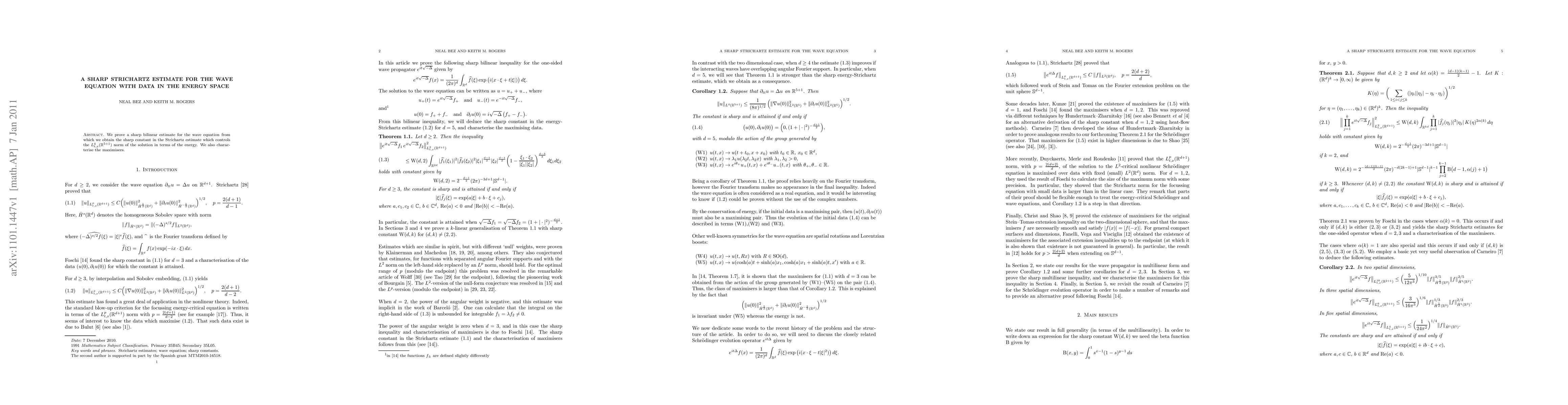Summary: The paper proves a sharp bilinear estimate for the wave equation, deriving the optimal constant in the Strichartz estimate for the $L^4_{t,x}(\R^{5+1})$ norm of the solution, and identifies the functions that achieve this maximum.
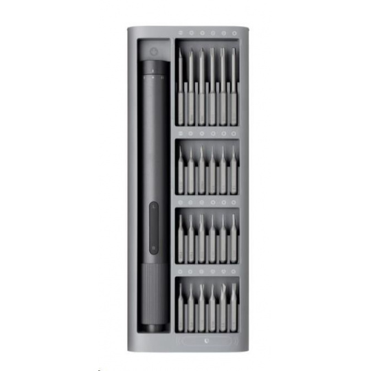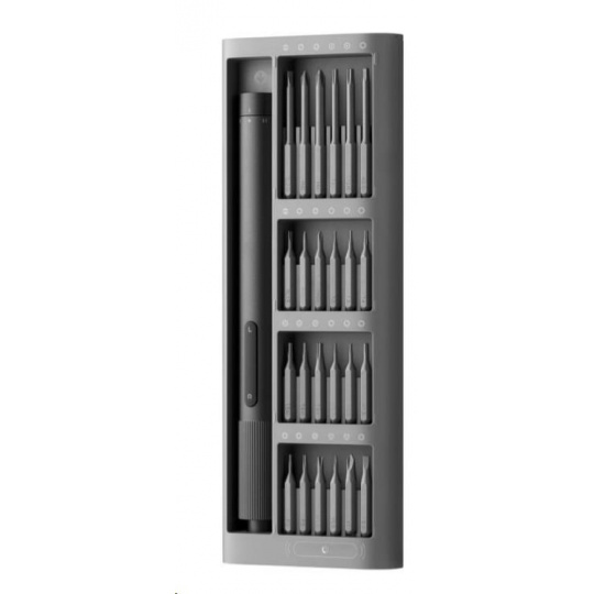 - Obsah balení: 1x šroubovák, 1x pouzdro, 24x šroubovací bit, 1x nabíjecí kabel typu C, 1x manuál
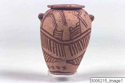 A vessel with an ovoid body, modelled rim, tapering to a flat base and two tubular string-hole handles. Buff surface with an exterior decoration in maroon. The rim features four bands of four, five, six respectively seven vertical lines. On top of each handle are three horizontal wavy lines. The two main surfaces feature a ship. Both are propelled by multiple oars, each have two cabins, a double b...
************
What this task involves
Beginning with the line that holds "- Obsah balení: 1x" and ending with the last line of the material above, extract every line exactly, pictures excluded.

Worked solution
 - Obsah balení: 1x šroubovák, 1x pouzdro, 24x šroubovací bit, 1x nabíjecí kabel typu C, 1x manuál
 A vessel with an ovoid body, modelled rim, tapering to a flat base and two tubular string-hole handles. Buff surface with an exterior decoration in maroon. The rim features four bands of four, five, six respectively seven vertical lines. On top of each handle are three horizontal wavy lines. The two main surfaces feature a ship. Both are propelled by multiple oars, each have two cabins, a double b...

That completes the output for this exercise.